• _TASK_:
For the records below, please print exactly and only the lines from the one with "EURGBP H4(4 Hours)" down to the one with "Geschmackvolle Prächtigkeit empfing", both ends included, omitting the pictures.

━━━

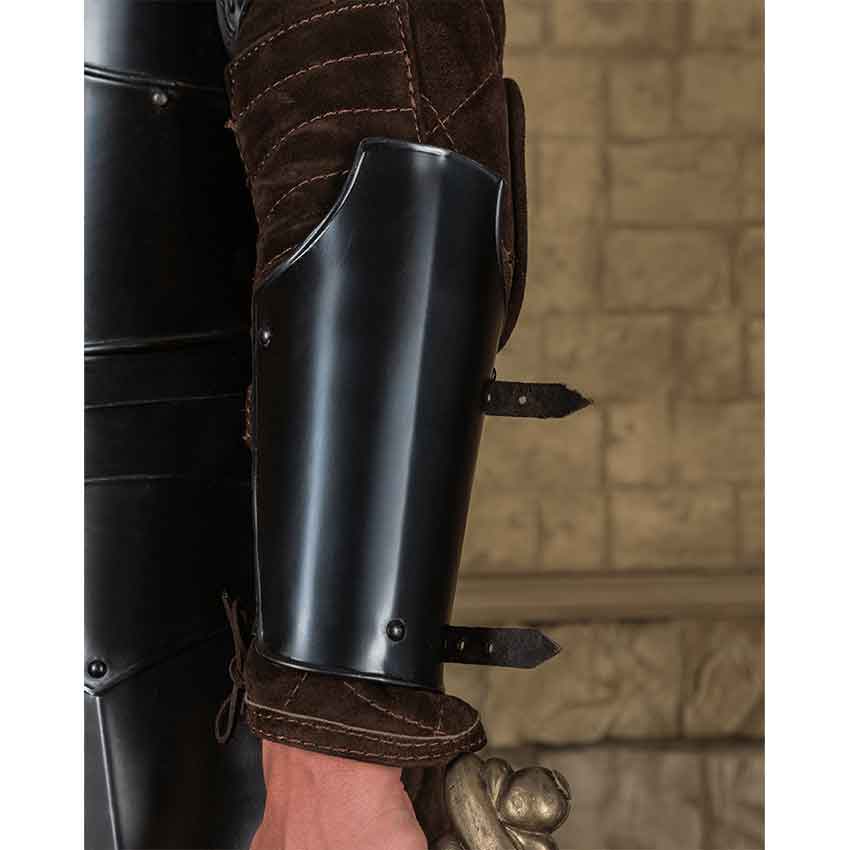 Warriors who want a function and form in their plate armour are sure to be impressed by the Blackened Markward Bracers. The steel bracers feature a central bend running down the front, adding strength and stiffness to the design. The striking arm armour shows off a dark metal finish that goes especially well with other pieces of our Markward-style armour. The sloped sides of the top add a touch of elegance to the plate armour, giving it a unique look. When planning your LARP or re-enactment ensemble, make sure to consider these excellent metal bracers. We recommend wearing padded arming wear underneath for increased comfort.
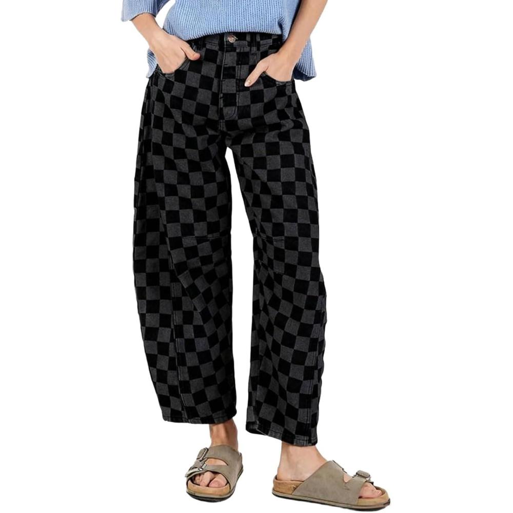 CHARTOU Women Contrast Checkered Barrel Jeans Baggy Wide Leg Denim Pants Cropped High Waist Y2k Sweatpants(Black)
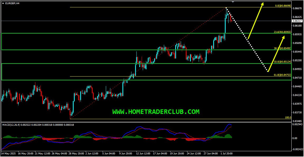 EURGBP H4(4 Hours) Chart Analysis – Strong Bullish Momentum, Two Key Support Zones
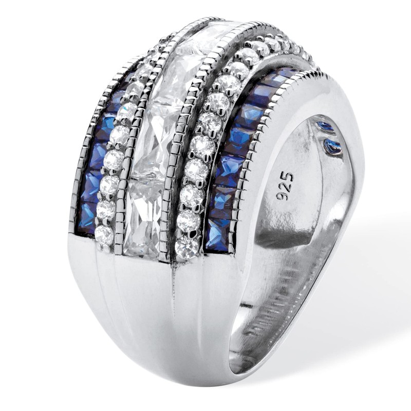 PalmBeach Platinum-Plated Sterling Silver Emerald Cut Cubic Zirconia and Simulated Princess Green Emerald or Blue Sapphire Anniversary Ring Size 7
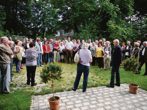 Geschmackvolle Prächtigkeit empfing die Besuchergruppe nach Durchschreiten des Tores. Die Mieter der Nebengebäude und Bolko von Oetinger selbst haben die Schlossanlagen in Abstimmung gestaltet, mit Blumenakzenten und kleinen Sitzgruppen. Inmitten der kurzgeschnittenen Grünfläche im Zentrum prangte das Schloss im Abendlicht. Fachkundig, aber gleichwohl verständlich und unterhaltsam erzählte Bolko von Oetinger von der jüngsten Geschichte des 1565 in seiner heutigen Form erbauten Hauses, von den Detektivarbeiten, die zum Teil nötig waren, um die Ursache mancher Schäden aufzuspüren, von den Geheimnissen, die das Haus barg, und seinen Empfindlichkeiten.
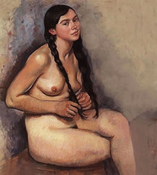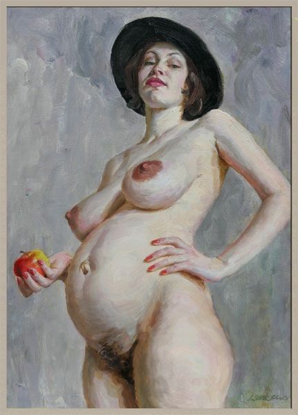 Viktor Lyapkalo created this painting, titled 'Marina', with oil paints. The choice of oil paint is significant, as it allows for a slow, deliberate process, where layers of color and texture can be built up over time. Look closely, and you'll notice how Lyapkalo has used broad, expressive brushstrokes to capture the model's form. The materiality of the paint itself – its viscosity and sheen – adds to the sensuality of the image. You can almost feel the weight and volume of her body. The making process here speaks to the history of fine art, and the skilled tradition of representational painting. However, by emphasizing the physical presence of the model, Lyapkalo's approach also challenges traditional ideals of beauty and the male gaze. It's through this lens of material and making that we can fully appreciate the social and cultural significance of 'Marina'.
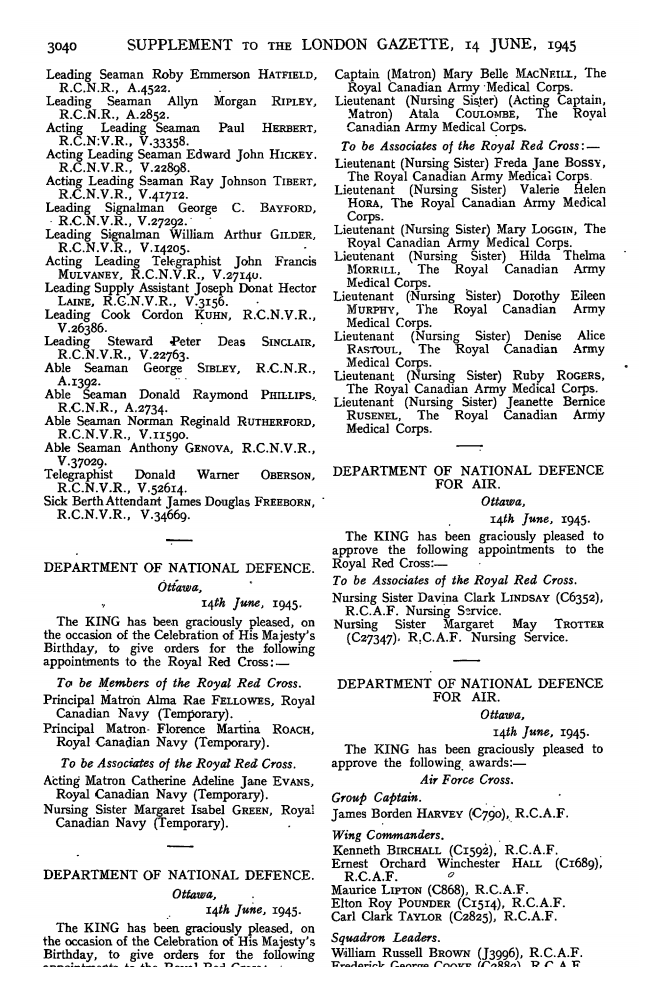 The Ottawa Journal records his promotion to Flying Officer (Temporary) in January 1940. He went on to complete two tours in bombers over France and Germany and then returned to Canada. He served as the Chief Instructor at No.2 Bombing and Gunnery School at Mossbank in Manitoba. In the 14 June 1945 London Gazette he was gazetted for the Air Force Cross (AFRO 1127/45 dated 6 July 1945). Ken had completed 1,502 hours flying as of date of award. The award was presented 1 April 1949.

━━━

• _OUTPUT_:
 EURGBP H4(4 Hours) Chart Analysis – Strong Bullish Momentum, Two Key Support Zones
 PalmBeach Platinum-Plated Sterling Silver Emerald Cut Cubic Zirconia and Simulated Princess Green Emerald or Blue Sapphire Anniversary Ring Size 7
 Geschmackvolle Prächtigkeit empfing die Besuchergruppe nach Durchschreiten des Tores. Die Mieter der Nebengebäude und Bolko von Oetinger selbst haben die Schlossanlagen in Abstimmung gestaltet, mit Blumenakzenten und kleinen Sitzgruppen. Inmitten der kurzgeschnittenen Grünfläche im Zentrum prangte das Schloss im Abendlicht. Fachkundig, aber gleichwohl verständlich und unterhaltsam erzählte Bolko von Oetinger von der jüngsten Geschichte des 1565 in seiner heutigen Form erbauten Hauses, von den Detektivarbeiten, die zum Teil nötig waren, um die Ursache mancher Schäden aufzuspüren, von den Geheimnissen, die das Haus barg, und seinen Empfindlichkeiten.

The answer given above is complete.